I am working on a pandas dataframe and with sqlalchemy . What I am trying to do is to merge multiple identical databases into one. The problem is that the tables may have duplicates between DBs. Another problem is that I have something around 30M rows and this causes time loss when working around the dataframe (even with chunksize).
I tried to iterate all over the dataframe but that's way too long for checking duplicates. So I wanted to use the SQL query INSERT ... ON DUPLICATE KEY ... do something
but the only possibilities are UPDATE
and IGNORE
. What I am trying is to :
->insert every rows -> on duplicate key -> update the row I tried to insert and insert it with new id
I couldn't find anything with sqlalchemy for this problem on google
What i'm doing:
import pandas as pd
df = pd.DataFrame()
#put all datas in the df for one tables but from all databases
engine = create_engine("mysql://xxx:xxx@localhost/{db}".format(db=dbname))
df.to_sql(con=engine, name=tableName, if_exists='append', chunksize=chunksize, index= False)

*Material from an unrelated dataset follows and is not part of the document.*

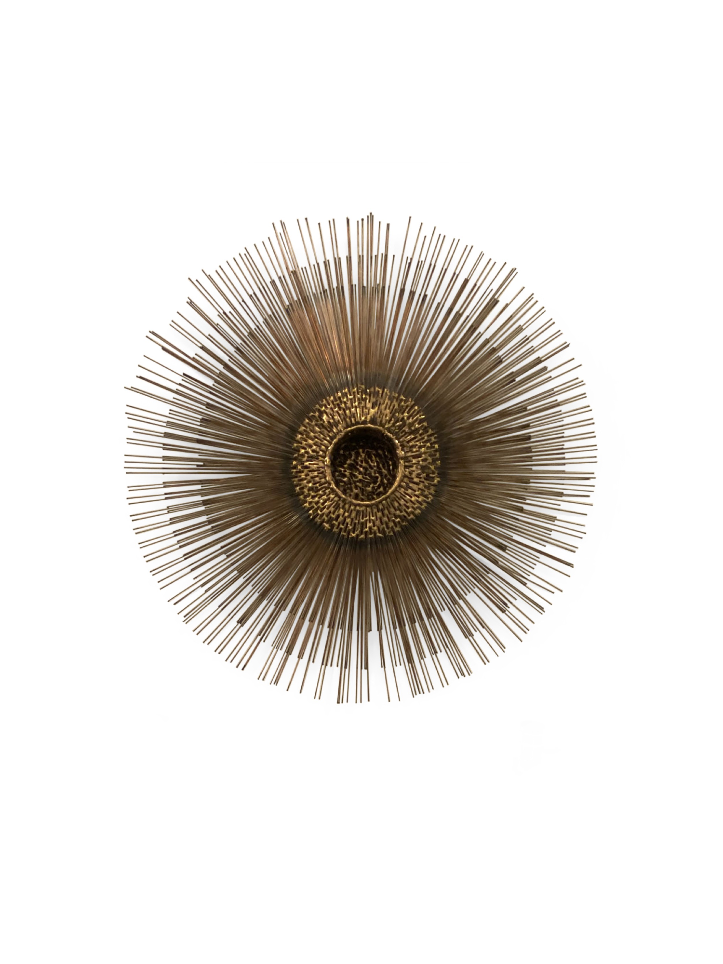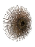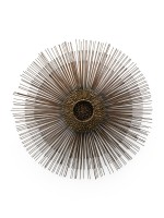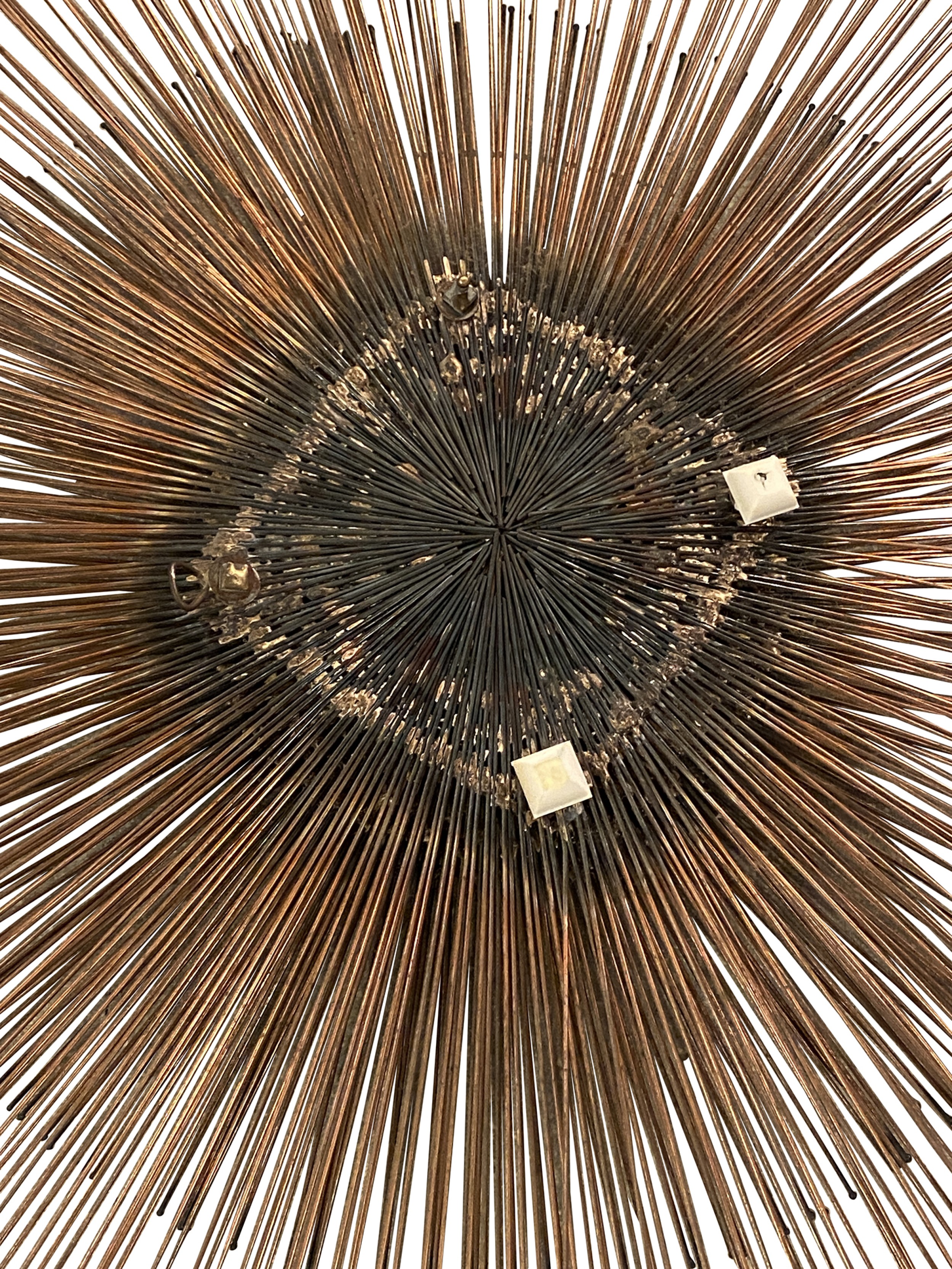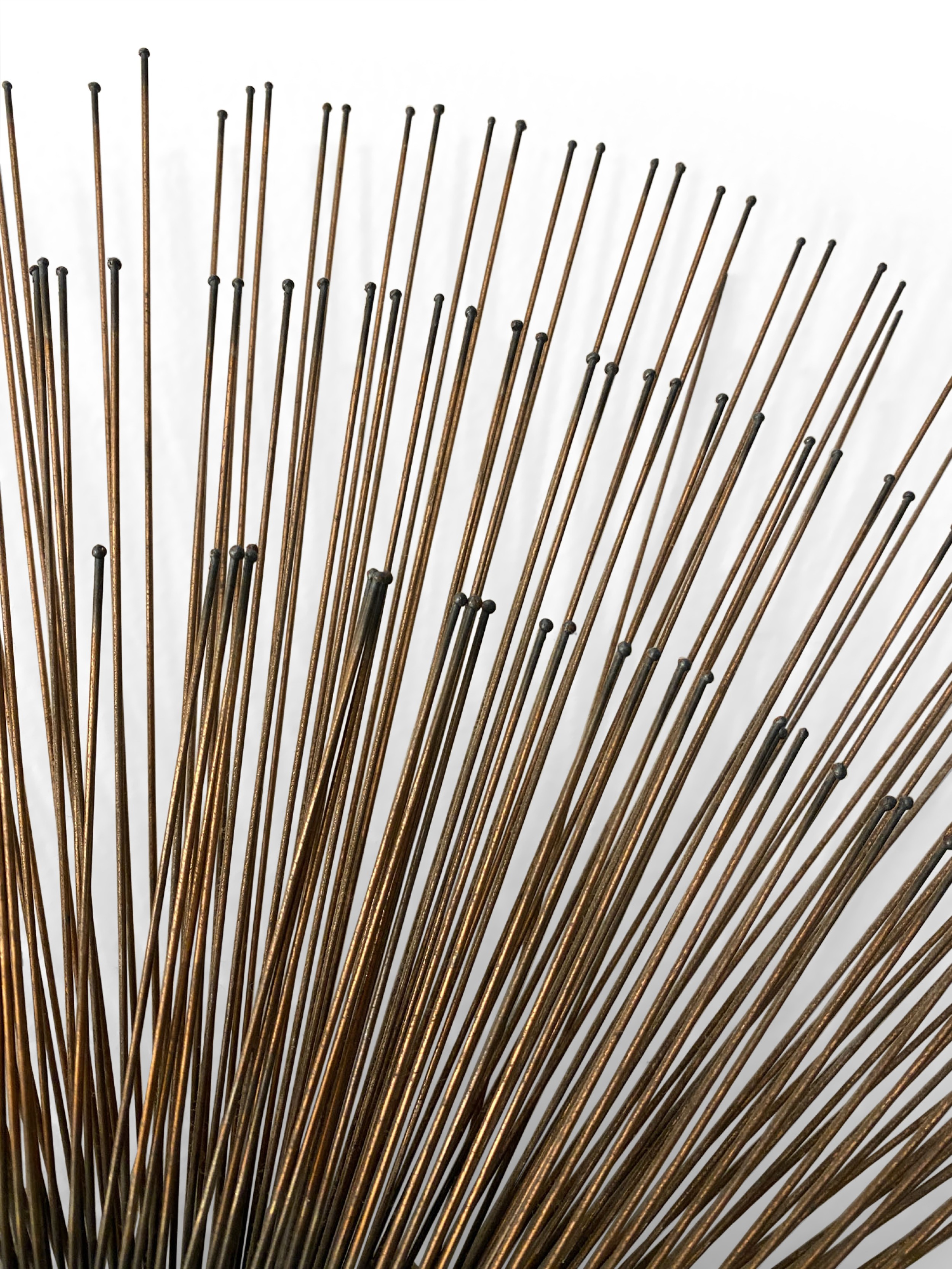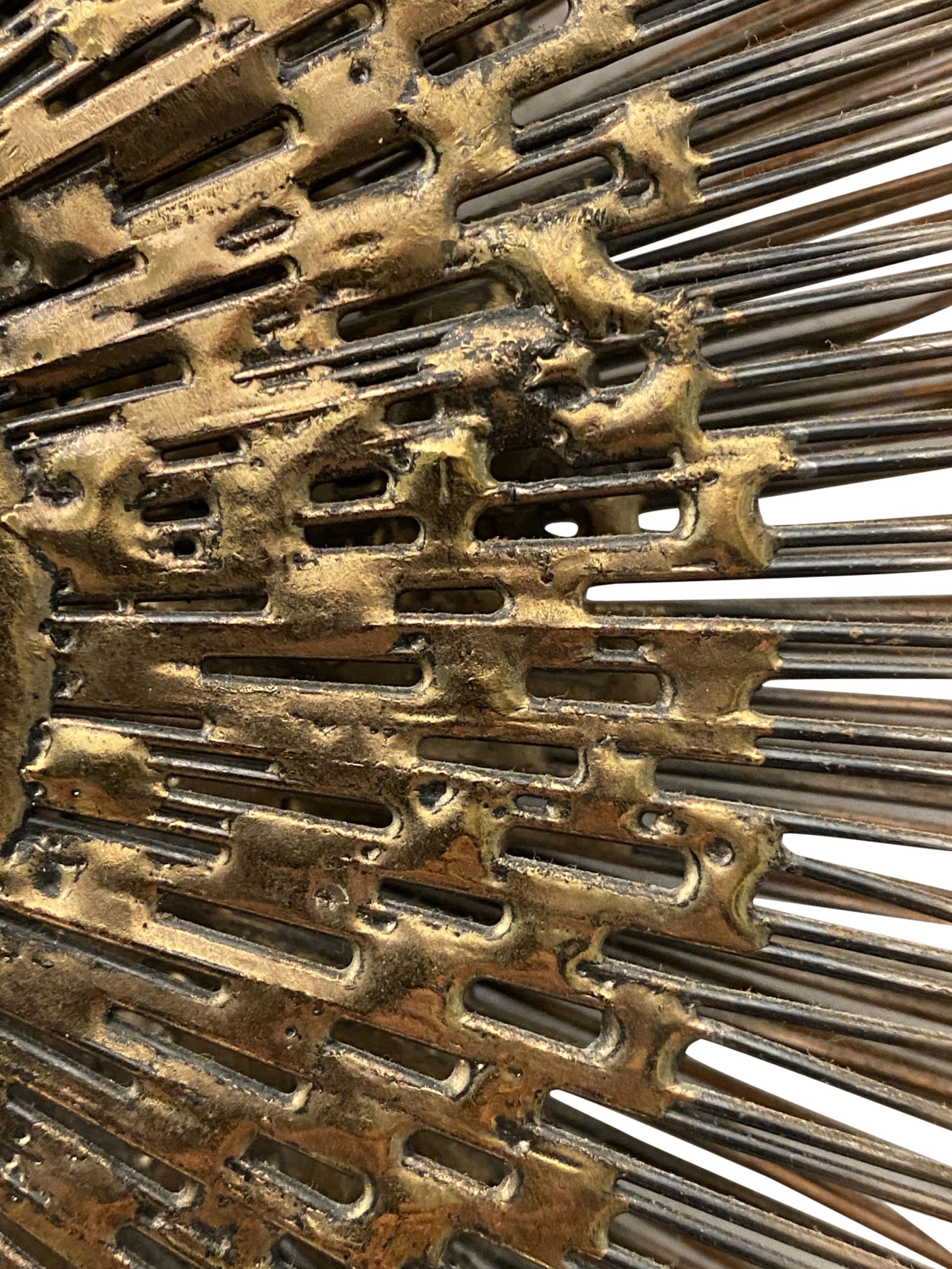 Brutalist Mid-century wall hanging in a starburst form comprised of multi dimensional metal rods emanating from the center point.

And the MYSQL error is DUPLICATE VALUE FOR PRIMARY KEY
EDIT: Adding the table schema
table1 = Table('table1', metadata,
Column('id', VARCHAR(40), primary_key=True,nullable=False),
mysql_engine='InnoDB'
)
table2= Table('table2', metadata,
Column('id', VARCHAR(40), primary_key=True,nullable=False),
Column('id_of', VARCHAR(20),ForeignKey("table1.id"), nullable=False, index= True)
)
table3= Table('table3', metadata,
Column('index',BIGINT(10), primary_key=True,nullable=False,autoincrement=True),
Column('id', VARCHAR(40),nullable=False),
Column('id_produit', VARCHAR(40),ForeignKey("table2.id"), nullable=False, index= True),
Column('id_produit_enfant', VARCHAR(40),ForeignKey("table2.id"), nullable=False, index= True)
)
table4= Table('table4', metadata,
Column('index',BIGINT(10), primary_key=True,nullable=False,autoincrement=True),
Column('id', VARCHAR(40),nullable=False),
Column('id_produit', VARCHAR(40),ForeignKey("table2.id"), nullable=False, index= True)
)
table5= Table('table5', metadata,
Column('index',BIGINT(10), primary_key=True,nullable=False,autoincrement=True),
Column('id', VARCHAR(40),nullable=False),
Column('id_produit', VARCHAR(40),ForeignKey("table2.id"), nullable=False, index= True)
)
table6= Table('table6', metadata,
Column('index',BIGINT(10), primary_key=True,nullable=False,autoincrement=True),
Column('id', VARCHAR(40),nullable=False),
Column('id_produit', VARCHAR(40),ForeignKey("table2.id"), nullable=False, index= True)
)